Dataset records
·····
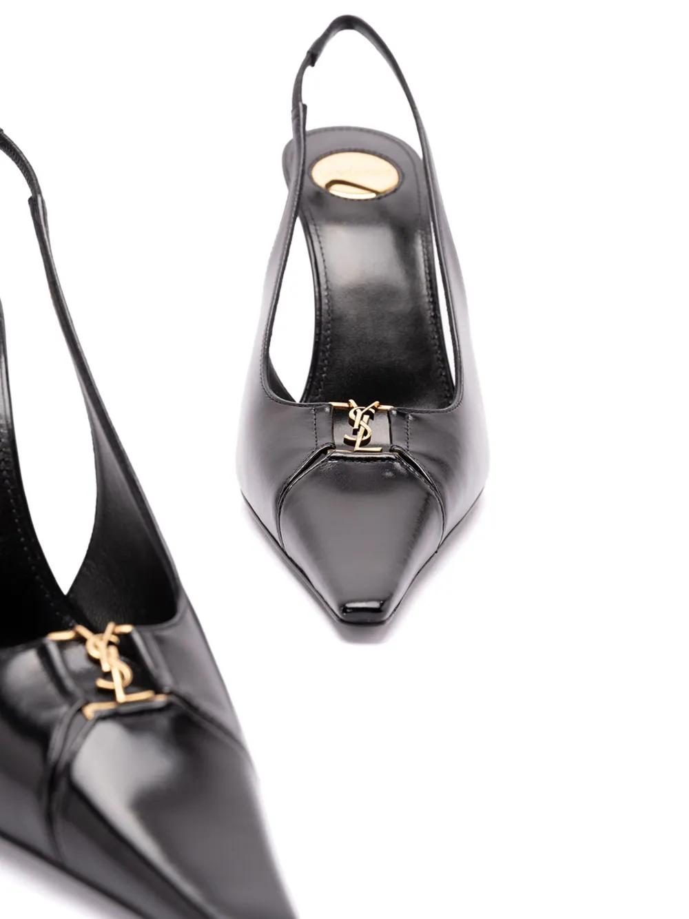 black leather upper pointed toe slingback strap gold-tone Cassandre logo stiletto heel
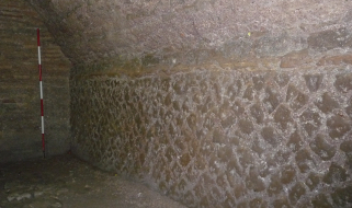 Ambiente "A" - parete SE prima e dopo la pulizia effettuata da Roma Sotterranea
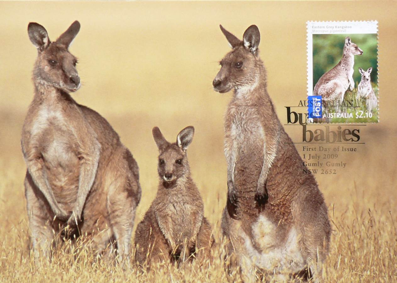 A kangaroo’s baby is refered to as a Joey. On this card depicting Australian native fauna released by Australia Post we get another lovely bush image of a kangaroo family. When kangaroos are together in greater numbers they are refered to as, ‘a mob’. There are 4 cards in this series with each one depicting a different native wildlife baby and its parent. They all have been postmarked for the first day of release at Gumly Gumly in New South Wales. on 1st July 2009.
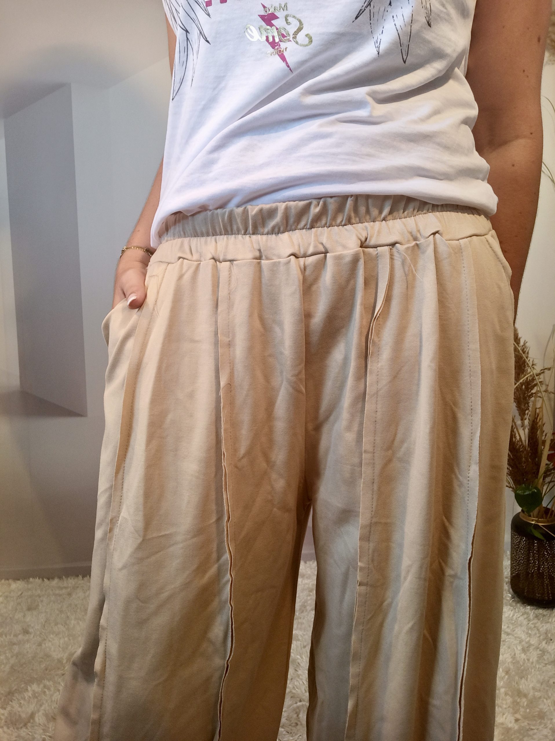 Pantalon Large Beige
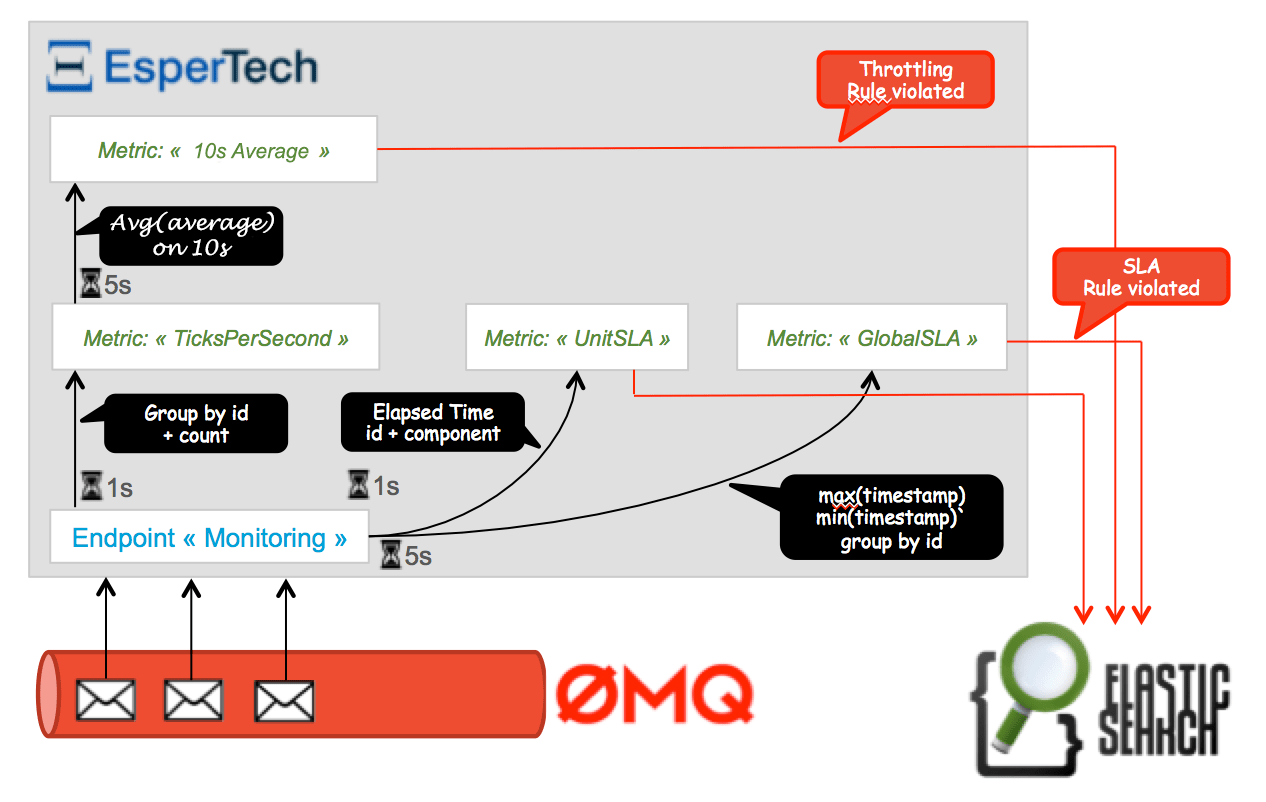 The flow of events is analyzed to build real-time indicators thanks to Esper Process Language (EPL) analytical language. These statuses are queried periodically to detect abnormal behaviors such as threshold violations.
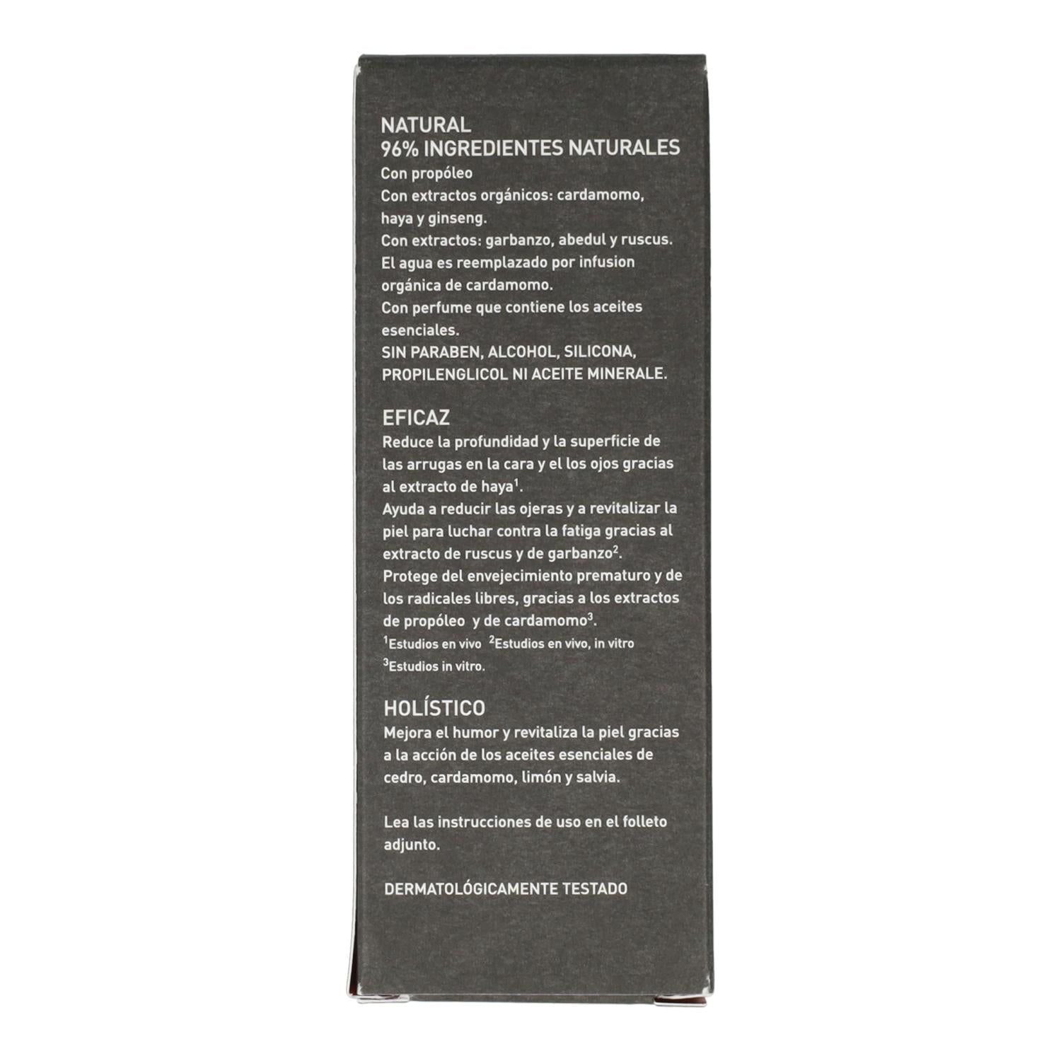 - La combinación de ingredientes orgánicos, como el cardamomo, el ginseng y el aceite de yoyoba, posee propiedades antisépticas, anti-inflamatorias y tonificantes, además de hidratar y suavizar la piel.
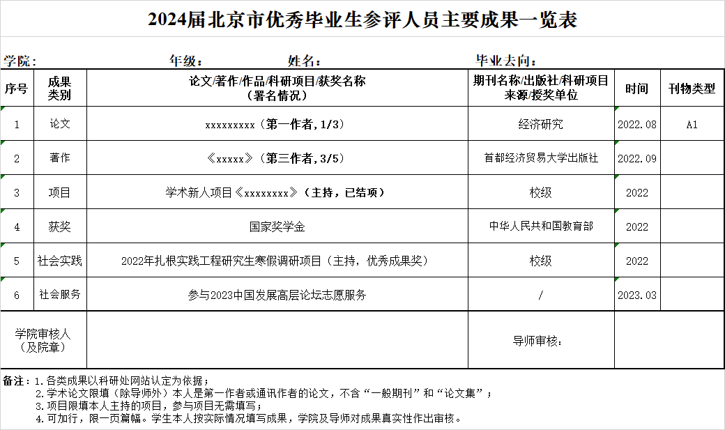 2. 《2024届北京市优秀毕业生参评人员主要成果一览表》(只做样式参考,需要系统导出)
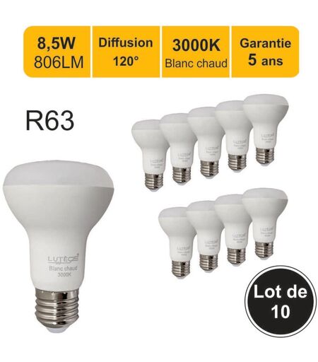 Lutece-arc - Lot de 10 ampoules led E27 R63 8,5W (équiv. 60W) 806Lm 3000K - garantie 5 ans
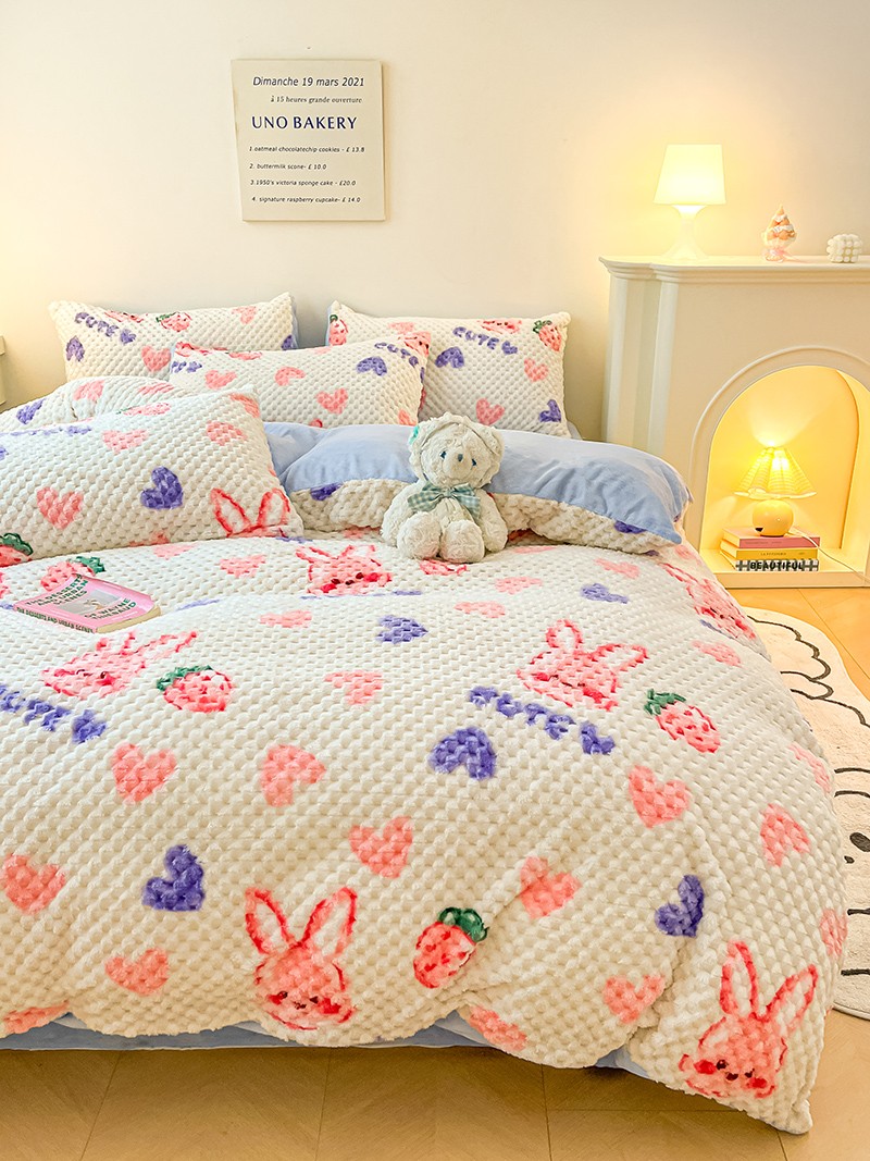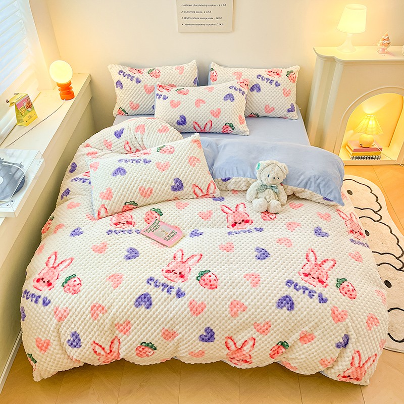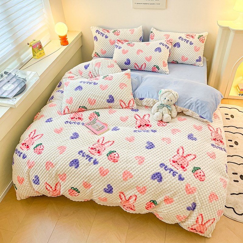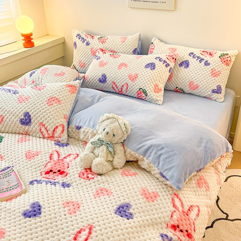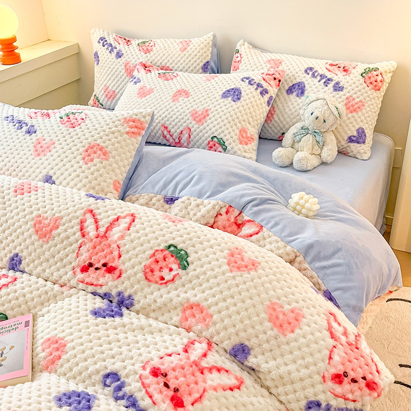 澳梵家居 2023新款印花豆豆绒牛奶绒四件套 爱心草莓兔
·····
[Work instruction] Write out all the records again, exactly, minus any pictures.

[Answer box]
 black leather upper pointed toe slingback strap gold-tone Cassandre logo stiletto heel
 Ambiente "A" - parete SE prima e dopo la pulizia effettuata da Roma Sotterranea
 A kangaroo’s baby is refered to as a Joey. On this card depicting Australian native fauna released by Australia Post we get another lovely bush image of a kangaroo family. When kangaroos are together in greater numbers they are refered to as, ‘a mob’. There are 4 cards in this series with each one depicting a different native wildlife baby and its parent. They all have been postmarked for the first day of release at Gumly Gumly in New South Wales. on 1st July 2009.
 Pantalon Large Beige
 The flow of events is analyzed to build real-time indicators thanks to Esper Process Language (EPL) analytical language. These statuses are queried periodically to detect abnormal behaviors such as threshold violations.
 - La combinación de ingredientes orgánicos, como el cardamomo, el ginseng y el aceite de yoyoba, posee propiedades antisépticas, anti-inflamatorias y tonificantes, además de hidratar y suavizar la piel.
 2. 《2024届北京市优秀毕业生参评人员主要成果一览表》(只做样式参考,需要系统导出)
 Lutece-arc - Lot de 10 ampoules led E27 R63 8,5W (équiv. 60W) 806Lm 3000K - garantie 5 ans
 澳梵家居 2023新款印花豆豆绒牛奶绒四件套 爱心草莓兔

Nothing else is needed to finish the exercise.